I've been a PGR member for quite some time now with dozens of missions, even though I have to ride 100 miles each way to attend. I'm sure being in Jersey, you've got things happening right around you so it shouldn't be that difficult to make the missions.

Go to the PGR site for all the details and missions across the country. you can join PGR there, then search around the site for your own local chapter and email the leadership of your joining. They'll put you on their mailing list.

Each mission is different, as said above, because the guard plans it around the schedule and desires of the family involved. An average mission will ask you to show up at a meeting place about half an hour before they are due at the church, airport, military base, etc. so that new people can be recognized and everyone gets briefed on how the mission will go down... and a safety briefing and often a prayer and some information about the deceased.

The group then mounts up and rides together to the church or funeral home and sets up a flag line at the entrance. They then take a break until time for the funeral to exit, and then they form a flag line again. Then they mount up and accompany the hearse to the burial site and then form a flag line, participating in the military portion of the funeral... saluting and honoring the fallen hero.

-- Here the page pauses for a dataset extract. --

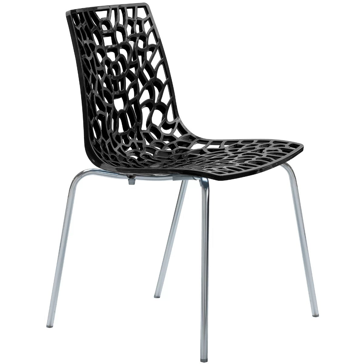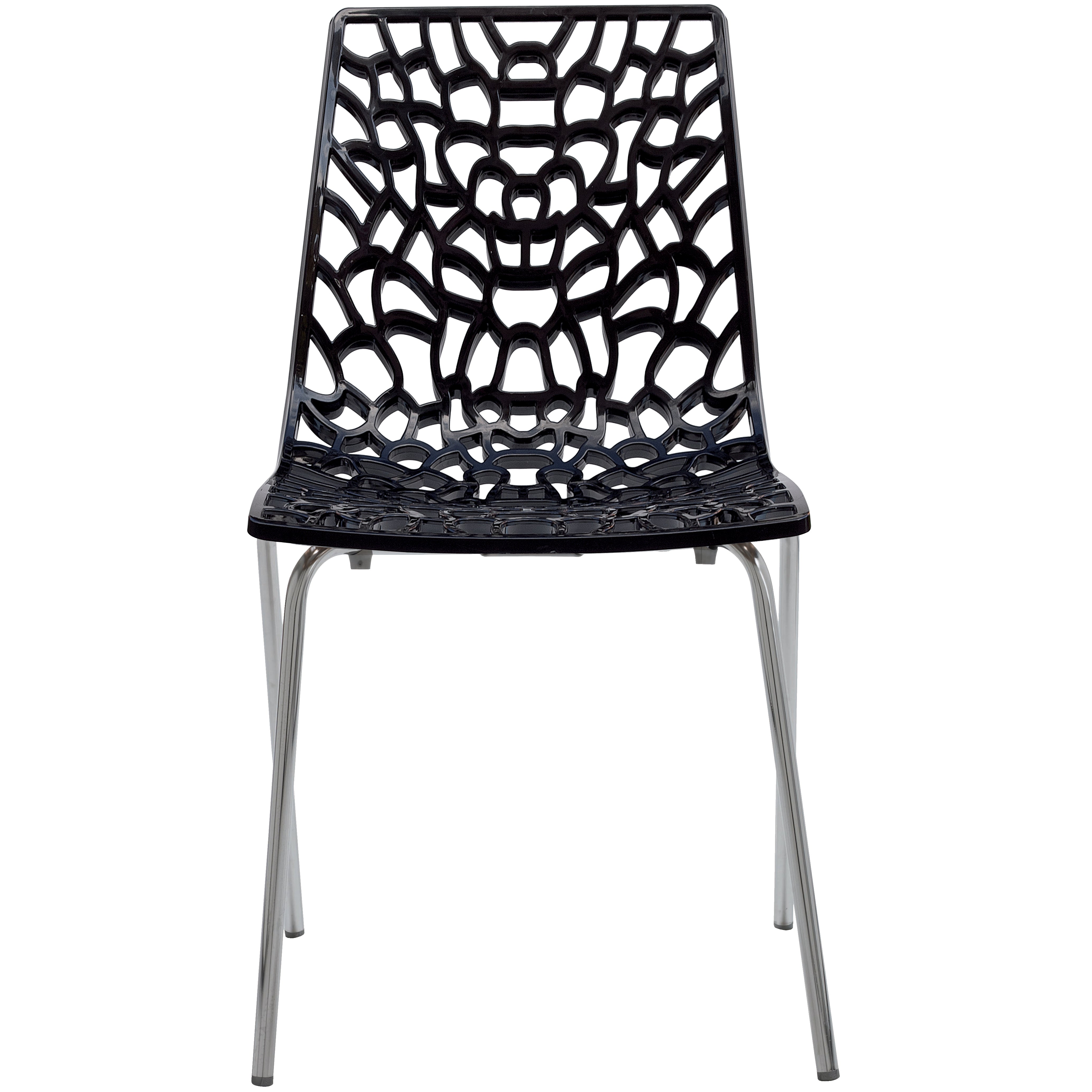 The Groove has a spider-web effect design and the seat is made from Highmopp, a very durable glossy polypropylene, while the legs are made from chrome-plated steel.

Often after the ceremonies members of the family or the military or the police come up and shake the PGR members hands and thank them... and each of them says "It's my distinct privilege sir, to honor this hero... no thanks is needed." Or something similar, or often just a nod and a smile.

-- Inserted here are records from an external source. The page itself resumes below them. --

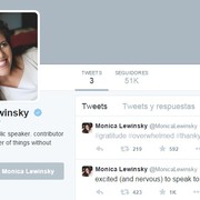 Twitter de Monica Lewinksy | @MonicaLewinsky La exbecaria de Clinton Monica Lewinsky se presenta en Twitter como "oradora pública" 6 comentarios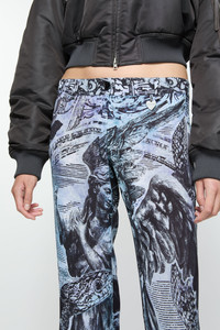 Trousers are crafted from a fluid crepe fabric, adorned with a seasonal print and branded heart charm at the belt loop. Cut to a regular fit with a mid-waist, flared leg and long length. - Regular fit - Mid-waist - Flared leg - Long Length - Seasonal print - Branded heart charm - Button and zip fly closure - Model is 178cm/ 5'10 and wears a size 36 - Style ID: FN-WN-TROU001287 - Shell: 100% Viscose
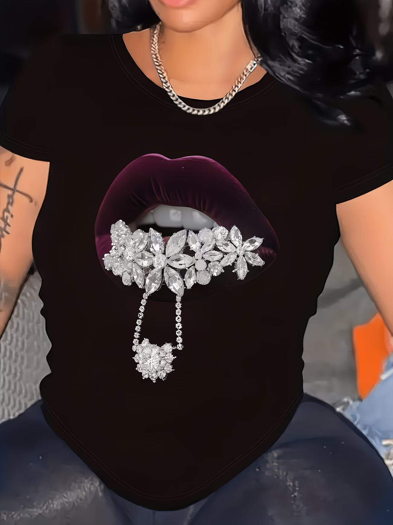 Pair this sassy tee with leather trousers or a faux leather skirt for an edgy night-out look, or keep it casual with distressed jeans and ankle boots. Layer under a blazer for a fun twist on smart-casual, or wear it solo to let the bold lip print take centre stage.

As you will see in the over 500 videos on youtube, it's very hard to keep your eyes dry at one of these missions.

The Patriot Guard riders also have sendoffs for large groups leaving, welcome homes, charity rides and they stick together when one of their members crashes or falls ill. They'll keep your hospital room busy visiting you.

Each district and each group is different because they all have different leadership. Some do very few funerals because they don't get the word out to the media about what they do. Some don't do sendoffs or welcome homes for one reason or another.

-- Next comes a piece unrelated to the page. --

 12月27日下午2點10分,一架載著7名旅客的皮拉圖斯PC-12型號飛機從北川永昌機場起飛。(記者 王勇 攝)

The overwhelming sentiment in any group is that whatever hardships the members go through, it's nothing compared to the sacrifice of the fallen hero... no mission is for the members, it's entirely for the hero and his/her family.

Oh and Seadog, Though I've never seen a single protester at the missions, the Westboro Baptist Church is still active in their apparently misguided abuse of people who allow homosexuality to exist... I've never understood how they equate this with military funerals. There's some about that on youtube as well.

Good luck and God bless your endeavors.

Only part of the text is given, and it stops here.